A
SHORT HISTORY OF THE NSØN BUILDING
Walter E. Ware, Daniel Jackling and the
Jackling Mansion
W. A. Sherman had this stately mansion
constructed about 1898. Walter E.
Ware, who shares the title “Dean of Utah Architecture” with Richard Kletting,
designed the building. Ware opened an office in Salt Lake City in 1891 and
practiced architecture for nearly sixty years, until 1949.
In addition to building several large mansions, Ware also designed the
Presbyterian Church on South Temple, a tree-lined boulevard that originally was
known as Brigham Street.
Daniel Cowan Jackling, a prominent mining
engineer, purchased the Sherman home in 1904.
Jackling was known in Utah as the “Copper Prince.”
Among his many successful ventures were the development of the Masabi
iron range in Minnesota, gold mines in Mercur, Utah, and developing copper lands
that became the Kennecott Copper Company.
In 1898, Danial Jackling produced a report
co-authored by Robert Gemmell that proposed mining in the Bingham Canyon area.
They concluded that mining the low-grade ore (less than two percent
copper) could be profitable if done in huge quantities.
Jackling organized the Utah Copper Company
in 1902. One of his first responsibilities was to oversee the construction of a
mill at Copperton, which was used to demonstrate the validity of his
copper-mining theories. He later
directed the building of the Magna concentrator in early 1906.

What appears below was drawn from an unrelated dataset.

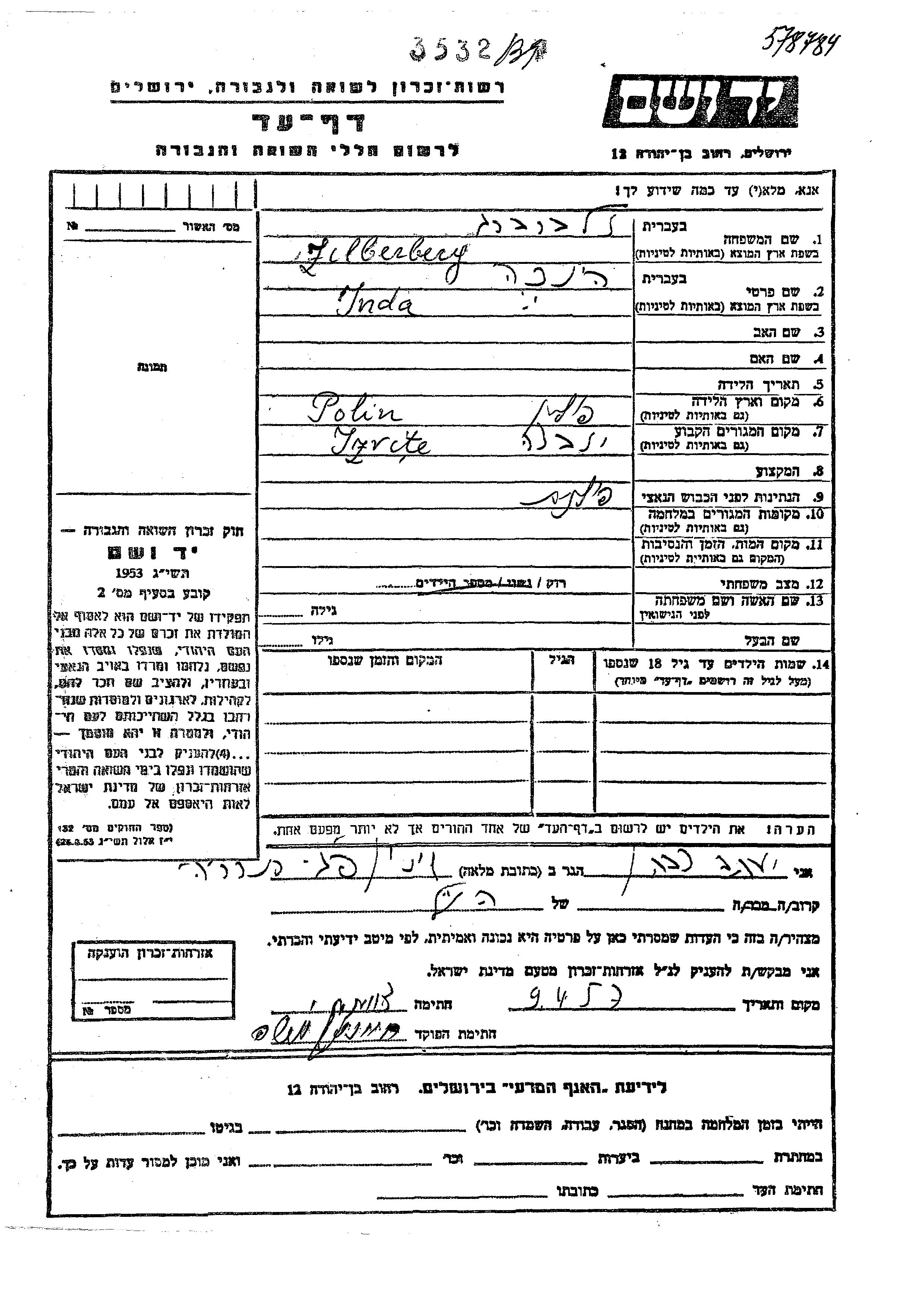Inda Zilberberg wurde in Polen geboren. Sie war Ledig. Vor dem Zweiten Weltkrieg lebte sie in Izbica, Polen.

He also was successful in obtaining additional financial support for the
Utah Copper Company from the Guggenheim family who purchased $500,000 in Utah
Copper stock and underwrote a $3,000,000 bond.
By midway through the twentieth century,
Jackling had his hand in most copper companies in the American West and more
than 60 percent of the world’s copper production was being mined using
Jackling’s development of low-grade ore processing.

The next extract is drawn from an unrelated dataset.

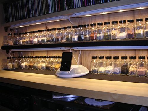 For the last 15 years, on and off, I have been collecting sand. The “off” times resulted from not having an answer to the question, ‘what do I do with all of this sand?’ I have tried various methods of displaying my sands as you can see below. Two-ounce bottles with overhead lighting being the best.

During World War I, Jackling served as
director of government explosives plants, and for his outstanding wartime
efforts he was awarded the Distinguished Service Medal by President Woodrow
Wilson.
In 1926 Jackling received a Gold Medal Award
from the Mining and Metallurgical Society of America.
In 1940 he was given the Washington Award of the Western Society of
Engineers for “pioneering in large-scale mining and treatment of low-grade
copper ores, releasing vast resources from formerly worthless deposits.”
Daniel C. Jackling enjoys a worldwide reputation and a full size bronze statue of him sculpted by Avard Fairbanks stands in the rotunda of the Utah State Capitol building.